While calling SB 1062 “wrong-headed,” Rauch responded to Stern that a “political process of balancing the interests” should resolve religious freedom/LGBT disputes. Thereby “not all states should look alike” in resolving these disputes and no one view would always receive complete satisfaction. Such compromises “are the best you are getting to get” in these disputes today, Rauch argued to Stern, yet analogous religious freedom resolutions have been “right on abortion.” 

Dubiously describing natural marriage supporter Brendan Eich’s protest-induced Mozilla resignation as a result of the LGBT movement’s “fringe,” Michaelson also tried to appear conciliatory. Private entities such as the sued California school should have the right to their convictions concerning homosexuality provided they did not accept public funds, Michaelson argued. Catholic Charities of Boston, for example, can still engage in adoption placement even after refusing in 2006 a state demand to include same-sex couples as long as this nonprofit does not utilize public funds. Yet the ubiquitous nature of private-public intersections calls into question Michaelson’s concession, as Wilson noted that 70% of Catholic Charities of Boston funds came from the public. 

The 1968 federal Fair Housing Act (FHA) contained the so-called “Mrs. Murphy” Exemption, Wilson analogized again LGBT agendas with racial equality. This FHA exemption covers a dwelling with four or fewer rental units, one of which houses the landlord. FHA envisioned a “hypothetical elderly widow who has converted a portion of her home into a rental apartment to supplement her limited income,” according to one legal analysis. Yet this “exemption does not apply to rental advertising” and “does not apply when a real estate agent is representing the property owner.” Housing and Urban Development additionally “takes the position that the Civil Rights Act of 1866 (yes, 1866) makes it illegal to discriminate based on race,” thereby ruling out a race exemption.
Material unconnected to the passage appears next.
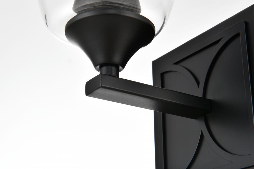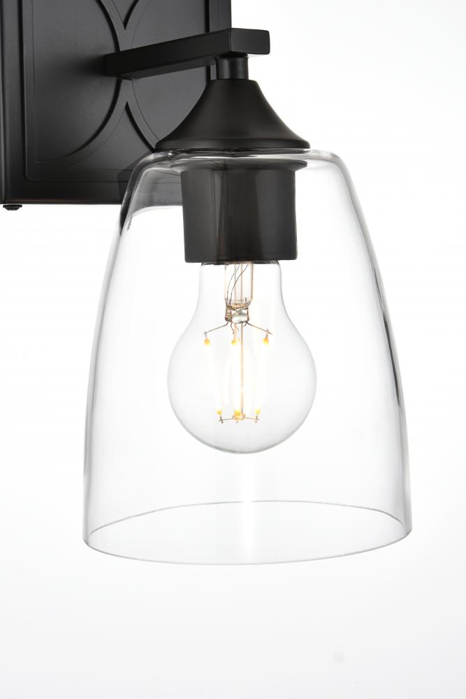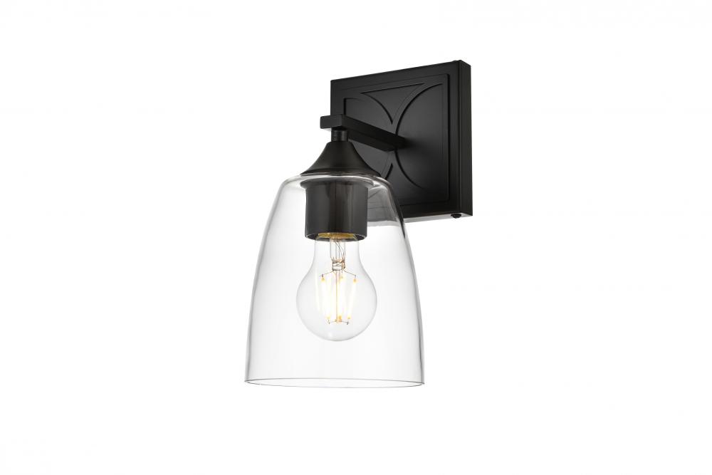 Defined by a sleek metal arm extends to suspend the clear tapered glass shade. A contemporary stunner, it shows off the straight line details from the backplate and the streamline thin metal arm. Compatible with dimmers, so you'll have the right amount of light in any given time of the day. Completely versatile, you can place this wall light as an uplight or downlight. Rated for use in damp locations, this will work perfectly over a vanity in your bathroom.

Wilson noted that bigoted individuals discriminating in housing on the basis of religion, race, or other categories are dying out, and predicted a similar trend for homosexuality’s opponents.  Indeed, calls to eliminate completely the Mrs. Murphy Exemption have appeared. Thus Wilson and others foresee an ever narrowing circle of religious exemptions for homosexuality’s conscientious objectors, exemptions even more embattled than those concerning abortion. The end result would reduce traditional condemnation of homosexuality as “intrinsically disordered” per the Catholic Church’s catechism to the realm of crazy old aunts in the attic and the like. “Infuriating” was not surprisingly one Catholic Opus Dei supporter’s response to this one-sided panel at the following reception. Traditional faith and morality supporters beware.